* [Task description] Look through the listing below for the line with "Обваливают в муке" and the line with "Grate some lemon". Copy both, along with every line between them, exactly and with no pictures.

BEGIN Data shown

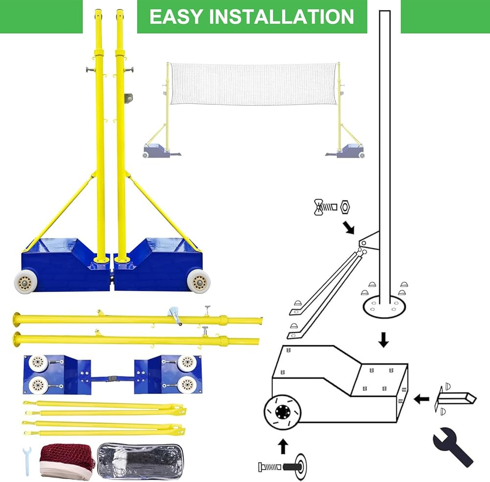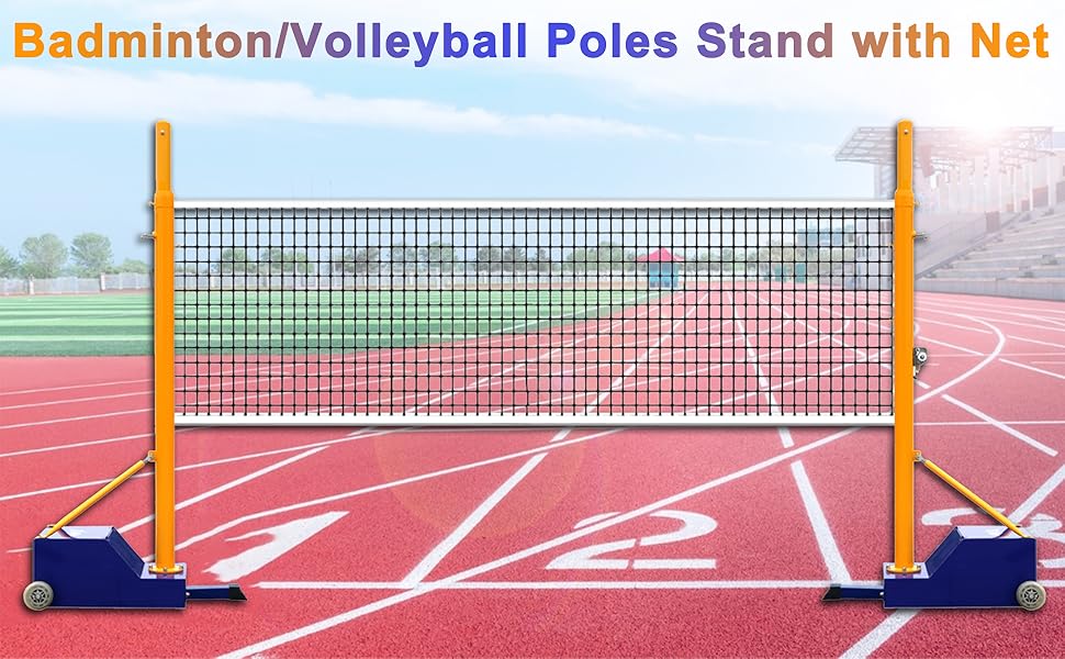 【Unique Design】The mobile badminton net stand is equipped with pulley and a crank-type tightener, it is easy to set up the badminton net and volleyball net. Integrated wheels allow effortless move across courts, beaches, or lawns while maintaining structural integrity during transport
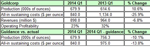 But the company plans to increase its production in the coming months with projects such as Cerro Negro in Argentina, which Goldcorp estimates will start to produce in the fourth quarter of 2014. Moreover, the company reconfirmed it will reach its annual gold production guidance of around 3 million ounces of gold.
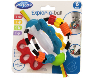 La pelota exploradora de Playgro. Una extraordinaria manera de ayudar al bebé a descubrir una gran variedad de texturas, materiales y colores.
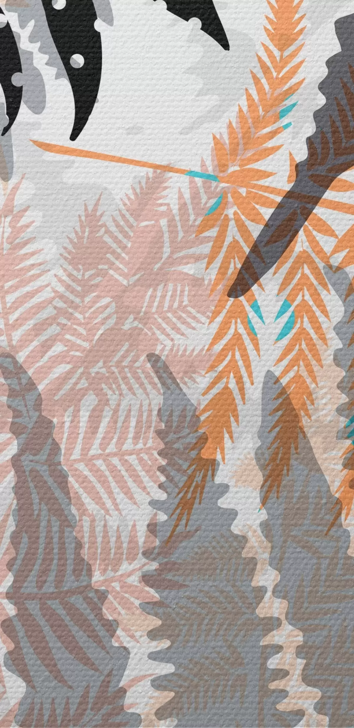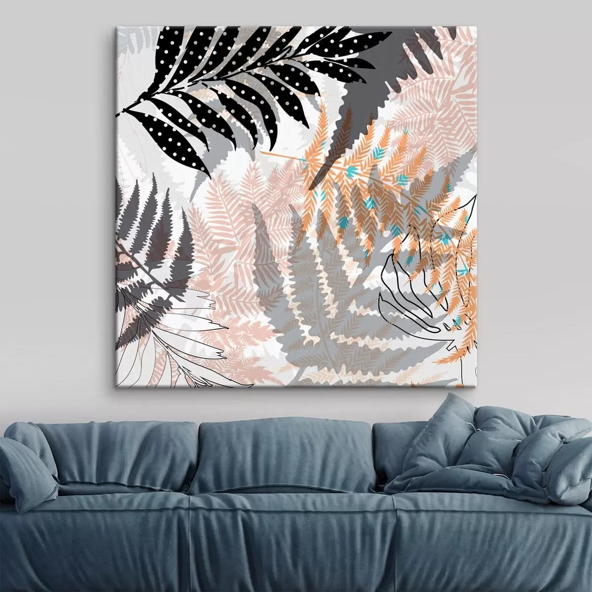 Schilderij tropische bladeren, grafisch, textuur, beige en zwart, silhouet, eigentijds, plant Art. s45103
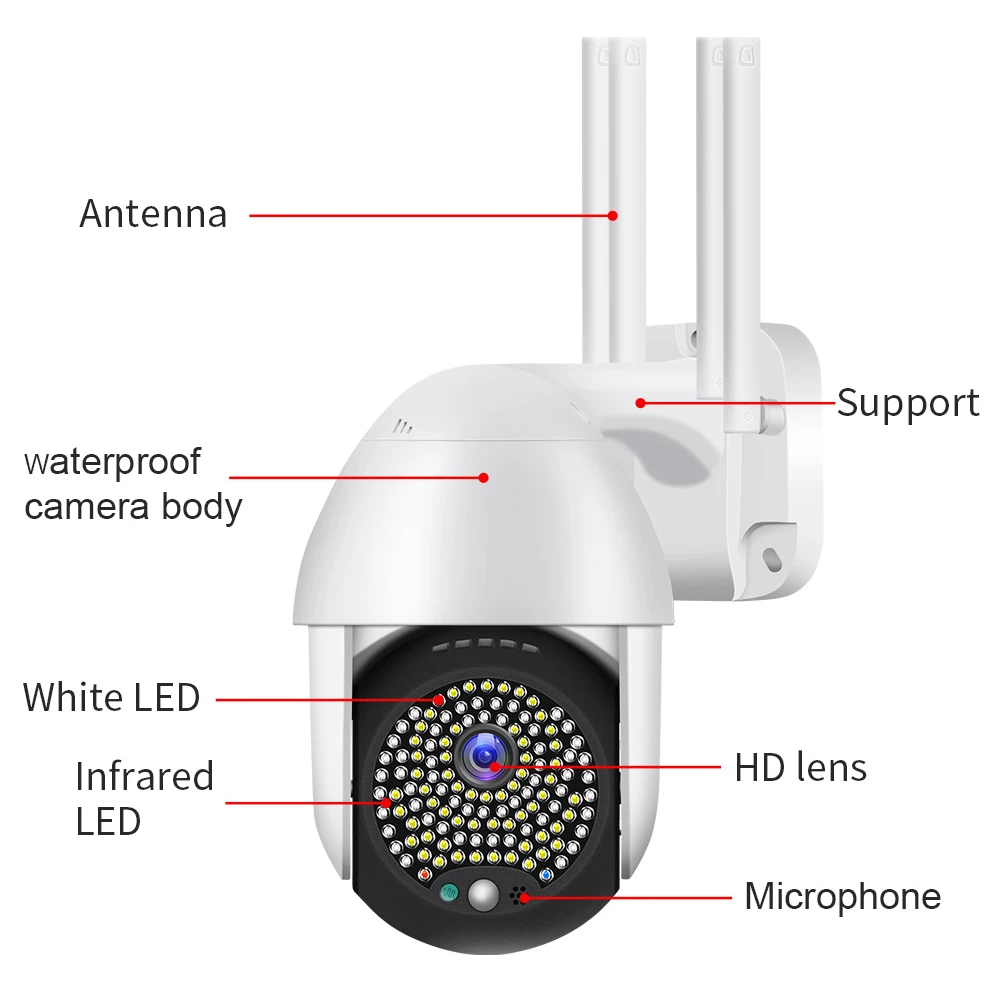 Поддержка 60 белых светодиодов + 60 ИК-светодиодов, ночное видение макс. 30-50 мПоддержка красной и синей сигнальной светильникПоддержка улучшенной способности проникновения двойной антенныПоддержка панорамирования 270 градусов/наклона 90 градусов и 4,0x цифрового зумаПоддержка интеллектуального автоматического отслеживанияПоддержка до 8 предустановленных позицийПоддержка беспроводного (Wi-Fi) и проводного двух режимовПоддержка двустороннего аудио разговора в режиме реального времениПоддержка функции обнаружения движения и сигнала тревогиПоддержка сетевых протоколов, таких как RTSP/DHCPС ситемой удаленной поддержки просмотр через приложение YCC365 на смартфонеПоддержка просмотра P2P через браузер, Совместимость с Chrome, Firefox, EdgeПоддержка TF-карты до 128 ГБ и бесплатной облачной записи в течение одного месяца.1 порт питания, 1 интерфейс Ethernet RJ45, 10/100M самоприспосабливающийся;
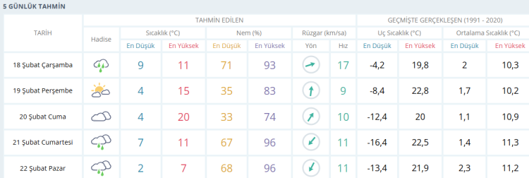 İŞTE BURSA İÇİN 5 GÜNLÜK HAVA DURUMU TAHMİNİ (18 ŞUBAT 2025)
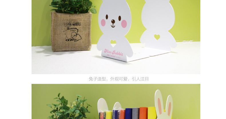 商品名称:得力 书立95422 学生卡通创意小兔书夹 可爱白时尚金属 7寸 一对
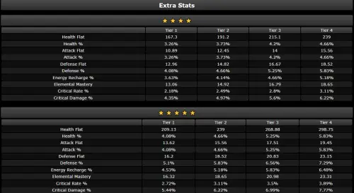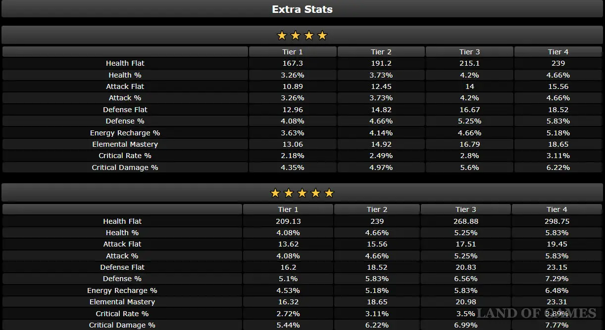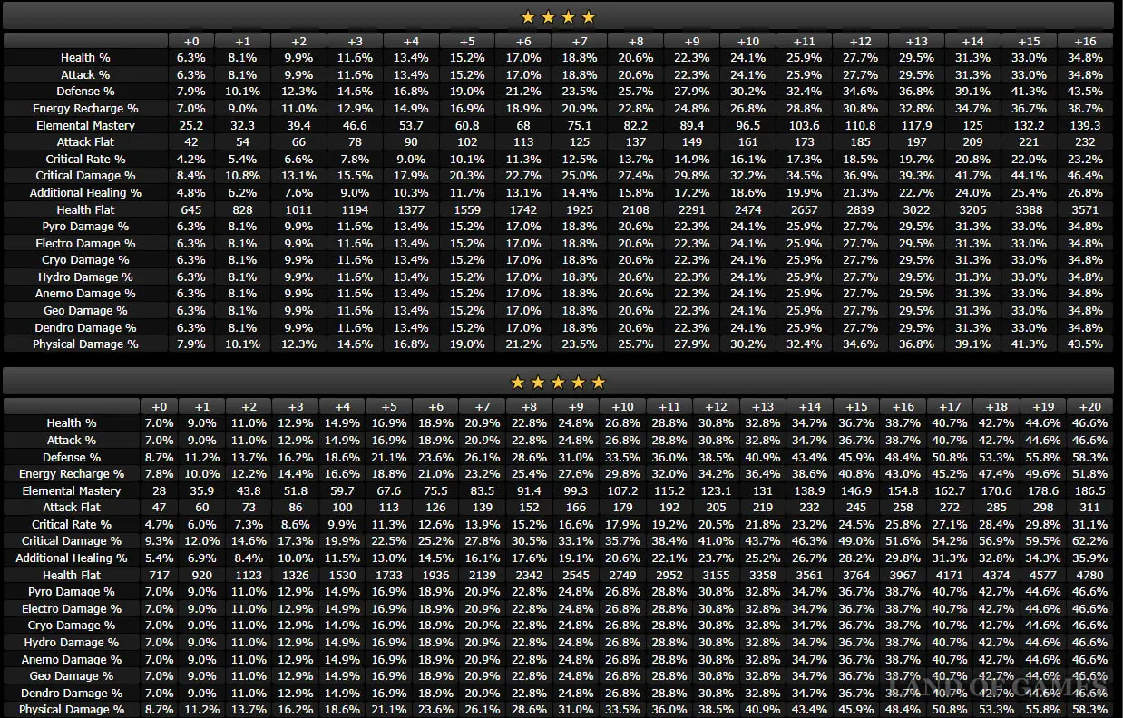 ХП%, Атака%, Защита%, МС, Урон одного из элементов%, Физ. урон% |
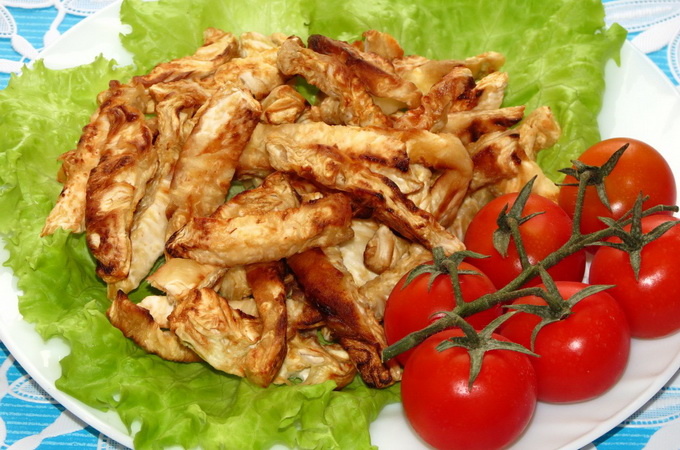 Обваливают в муке и обжаривают до золотистого цвета.
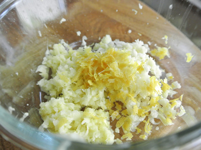 Grate some lemon zest, about 3 teaspoons give or take. The aroma of fresh ginger, garlic and lemon are going to take over your senses right about now!
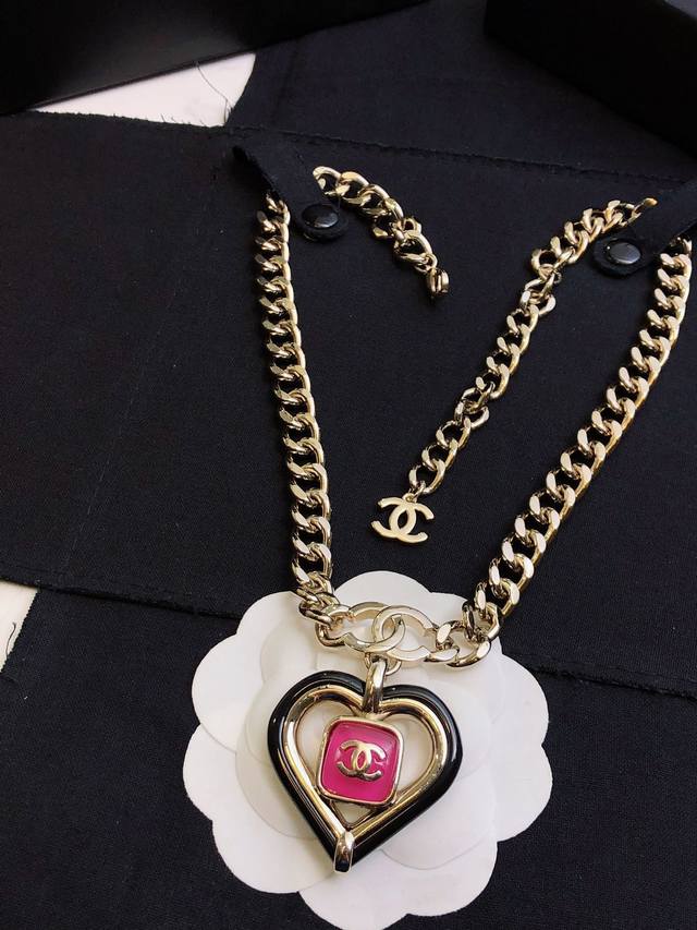 The new model is expected to become this season's hot item. It is so beautiful that it is stunning. *Chanel's new heart-shaped acrylic double C pendant necklace is the same as the Chanel necklace in the counter. It is made of 18K brass electroplating.
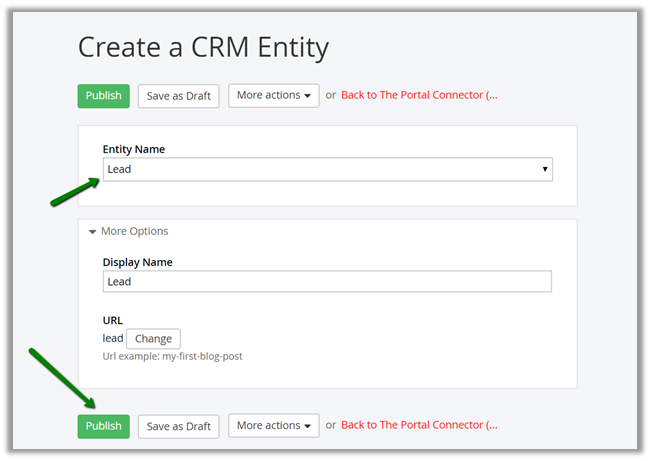 Go to CRM Entities and click on Create a CRM Entity.
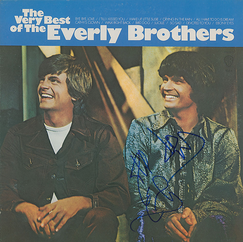 The Very Best of the Everly Brothers album signed on the front cover in blue felt tip by Phil and Don Everly. In fine condition, with a bit of scattered light edge wear. The record is not included. Pre-certified Roger Epperson/REAL and RR Auction COA.
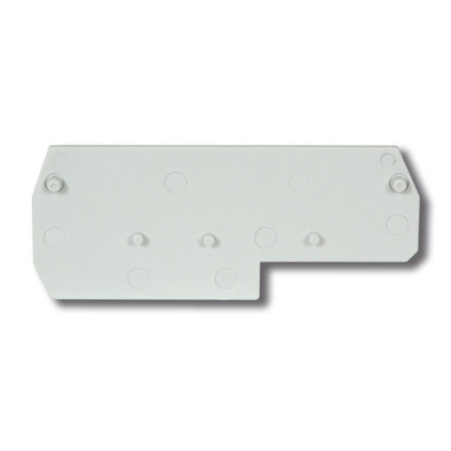 Płytka krańcowa dedykowana do złączek śrubowych EURO w kolorze szarym i klasie palności V2 to element izolacyjny wykonany z tworzywa sztucznego, który jest przeznaczony do zamykania końcowych otworów w zestawach złączek śrubowych.
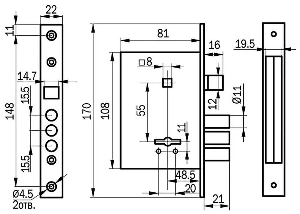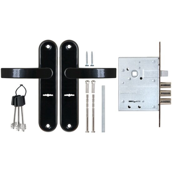 Замок врезной сувальдный с защёлкой в комплекте с ручкой Сам ЗВ9-6/13 (черный глянец), 3 кл. /77305/ интересное:

END Data shown

* [Answer box]
 Обваливают в муке и обжаривают до золотистого цвета.
 Grate some lemon zest, about 3 teaspoons give or take. The aroma of fresh ginger, garlic and lemon are going to take over your senses right about now!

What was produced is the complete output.